An acquaintance who’s in his 30s chucked his job as an IT engineer in 2017, went away to Salerno in Italy and returned a good five months later, well versed in the art of making gelato after he’d undergone training at a gelateria.
Upon returning he set up shop and sold a couple of hundred scoops each day during the season.
He smiles much more than he did while working at the largish organisation that develops software for the banking industry.
It seems to be happiness giving work. Have you ever met a grumpy ice cream seller?
Long before the invention of freezers, ice desserts had already been invented.
Centuries before the birth of Christ, the well off were the ones to have access to these delights.

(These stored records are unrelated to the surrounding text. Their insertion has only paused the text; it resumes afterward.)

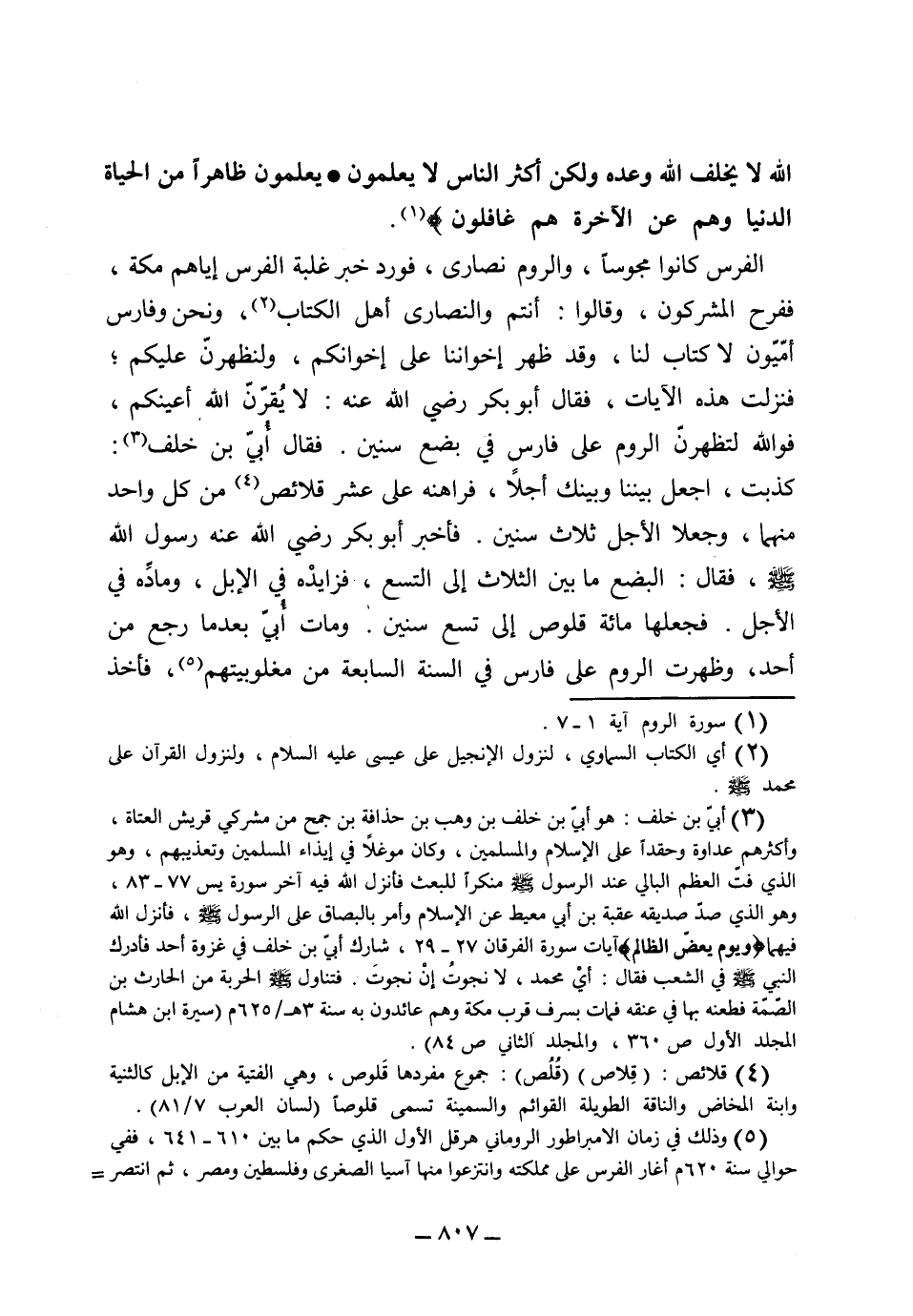 الله لا يخلف الله وعده ولكن أكثر الناس لا يعلمون. يعلمون ظاهراً من الحياة الدنيا وهم عن الآخرة غافلون} . الفرس كانوا مجوساً والروم نصارى، فورد خبر غلبة الفرس إياهم مكة ففرح المشركون وقالوا أنتم والنصارى أهل الكتاب ونحن وفارس أميون لا كتاب لنا، وقد ظهر إخواننا على إخوانكم، ولنظهرن عليكم. فنزلت هذه الآيات. فقال أبو بكر رضي الله عنه: لا يقرن الله أعينكم فو الله لتظهرن الروم على فارس في بضع سنين فقال أُبَيّ بن خلف: كذبت اجعل بيننا وبينك أجلاً فراهنه على عشر قلائص من كل واحد منهما وجعلا الأجل ثلاث سنين فأخبر أبو بكر رضي الله عنه رسول الله صلى الله عليه وسلم فقال: البضع ما بين الثلاث إلى التسع فزايده في الإبل وماده في الأجل، فجعلها مائة قلوص إلى تسع سنين، ومات أبي بعد ما رجع من أحد وظهرت الروم على فارس في السنة السابعة من مغلوبيتهم فأخذ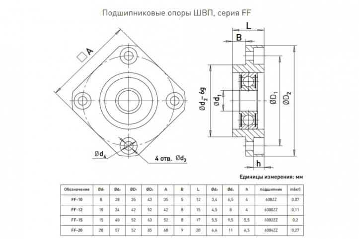 Опора для фиксации конца винта ШВП диаметром 10 мм, с фланцем. В опоре установлен радиальный подшипник, фиксирующий винт и воспринимающий в основном радиальные нагрузки. Опоры серии FF - плавающего типа, и не рассчитаны на большие осевые нагрузки. Рекомендуется при креплении винта ШВП совместно с плавающими опорами использовать фиксирующую опору типа BK или FK.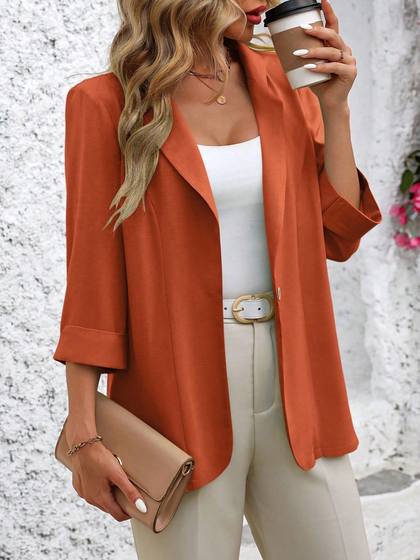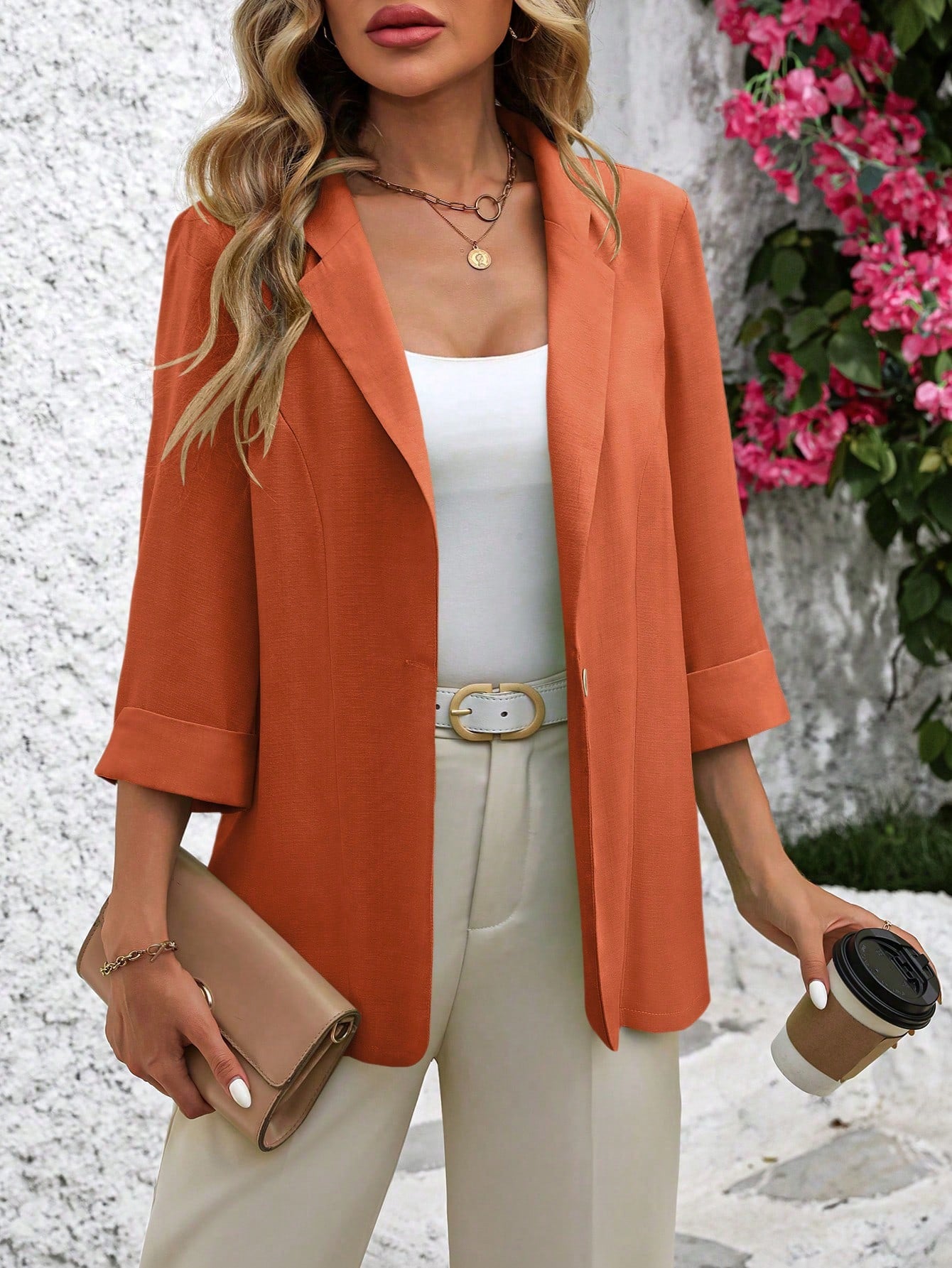 Clasi Women's Solid Color Lapel Neck 3/4 Sleeve Elegant Blazer Jacket, Spring Fall

It’s not known who actually created sorbets and ice creams.
Some have attributed it to the Roman emperor Nero who had snow brought from the mountains to be mixed with wine and other flavours, others say it was the Persians and yet others claim it was the Greeks or even the Mongols and perhaps the Chinese.

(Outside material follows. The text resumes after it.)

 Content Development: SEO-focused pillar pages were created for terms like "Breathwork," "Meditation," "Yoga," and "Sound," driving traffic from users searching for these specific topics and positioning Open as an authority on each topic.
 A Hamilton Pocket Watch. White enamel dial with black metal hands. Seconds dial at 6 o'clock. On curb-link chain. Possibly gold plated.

One thing is almost surely established via paintings that depict what looks like snow mixed with colours and flavours, being served.
Who Eats The Most?
The French may express their indignation at being informed that it may have been the Italians who brought sorbets to France.
Be all that as it may, frozen desserts have been enjoyed for millennia and remain the most sold dessert and well within reach of most people. Ice cream is prepared in different forms and offered under different names depending on the country but for the most part it’s known as ice cream.
Surprisingly it’s not the Americans who consume the most on a per capita basis. It’s the New Zealanders right there at the top with a consumption of 28.4 litres per person every year followed by the Americans at 20.8 litres and then come other countries including the UK at seven litres per capita.
It is said 90% of Americans and New Zealanders always keep ice cream in their freezers.
What’s The Scoop?
Vanilla which is the most popular flavour in the world was at one time a rare commodity and the most expensive additive to ice creams making the end product super premium.
It was only later that this crop, which belongs to the orchid family and is native to Mexico, came to be grown across most tropical countries and today it’s Madagascar and Indonesia that are the largest producers.
The other flavours that find favour with the consumers are chocolate, coconut, strawberry, banana and many others.
And then there are some shocking ones which are not only expensive but trendy. You may find these quite interesting and may even want to try some of them. So here they are : Pear and blue cheese, black pepper, bourbon and cornflakes, fig and turkey, bacon, lobster, and tomato.
Not just these, it’s the Japanese that take the cake with their innovations. Ever tried ice cream prepared with squid ink, miso, seaweed, soy sauce, purple sweet potato, wasabi, buckwheat tea and bitter melon?
While most of us are satisfied with a couple of scoops costing a euro or two or maybe three, reportedly the world’s most expensive ice cream is sold in Dubai by a cafe called Scoopi for an equivalent of a colossal 800 dollars a scoop.
It’s said to contain vanilla from Madagascar, saffron from Iran, black truffle from Italy and a 23 karat gold leaf on top. They are said to call it the Black Diamond ice cream and serve it in a Versace bowl which you get to take with you.
Well this one certainly sounds like I Scream. Give me a regular ice cream any day.